Write the listing out again word for word, excluding any pictures.

▶ [Provided material]
━━━━━━━━━━
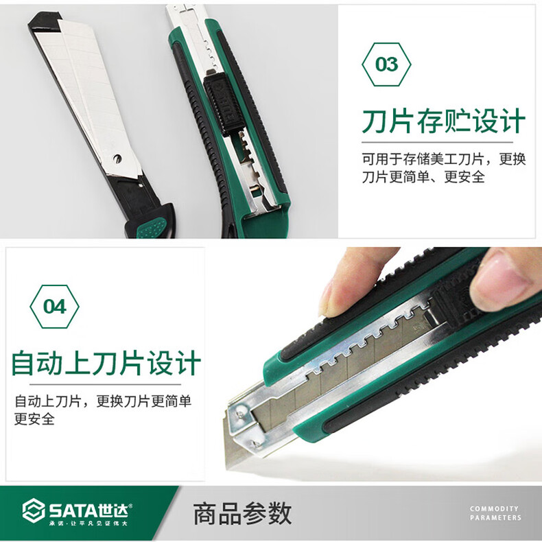 品牌:世达 (SATA) 功能:塑柄推钮美工刀 型号:93422A 规格:18*100mm
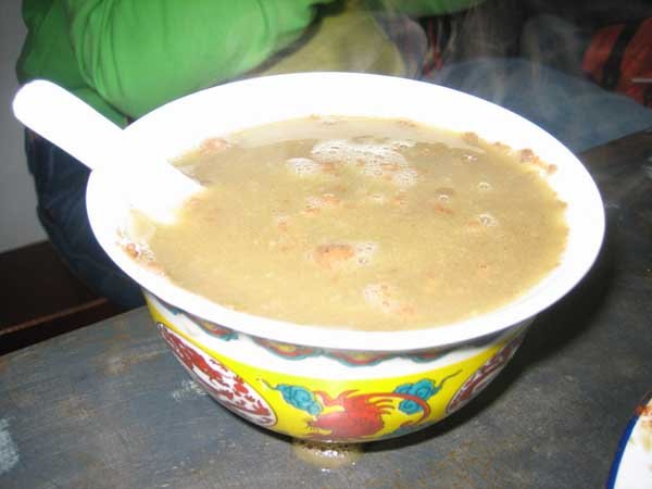 Po cha or Tibean Butter tea consists of salt, yak butter and a smoky type of black tea. The tea comes as brick and a bit is crumbled into water and boiled for hours to create a bitter brew chaku. This is then stored. To make Po cha some of the chaku is poured into a wooden cylindrical churn called a chandong, along with yak butter and salt, then churned together for a couple of minutes before serving. Po Cha is consumed several times a day. It believed it have health benefits like providing energy, keeping warm and protecting the lips from cracking.
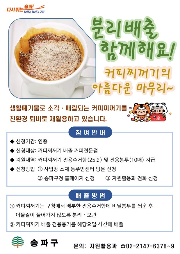 [시민일보 = 이대우 기자] 송파구(구청장 서강석)가 ‘2024년 서울시 커피찌꺼기 재활용 활성화 사업’에서 18개 자치구 중 1위인 ‘최우수구’에 선정됐다. 이번 수상으로 구는 작년 ‘재활용 가능자원 분리배출 공모전’ 전국 1위, ‘서울시 재활용 성과평가’ 1위에 이어 ‘재활용 3관왕’을 달성하게 됐다.
━━━━━━━━━━
▶ [Task output]
 品牌:世达 (SATA) 功能:塑柄推钮美工刀 型号:93422A 规格:18*100mm
 Po cha or Tibean Butter tea consists of salt, yak butter and a smoky type of black tea. The tea comes as brick and a bit is crumbled into water and boiled for hours to create a bitter brew chaku. This is then stored. To make Po cha some of the chaku is poured into a wooden cylindrical churn called a chandong, along with yak butter and salt, then churned together for a couple of minutes before serving. Po Cha is consumed several times a day. It believed it have health benefits like providing energy, keeping warm and protecting the lips from cracking.
 [시민일보 = 이대우 기자] 송파구(구청장 서강석)가 ‘2024년 서울시 커피찌꺼기 재활용 활성화 사업’에서 18개 자치구 중 1위인 ‘최우수구’에 선정됐다. 이번 수상으로 구는 작년 ‘재활용 가능자원 분리배출 공모전’ 전국 1위, ‘서울시 재활용 성과평가’ 1위에 이어 ‘재활용 3관왕’을 달성하게 됐다.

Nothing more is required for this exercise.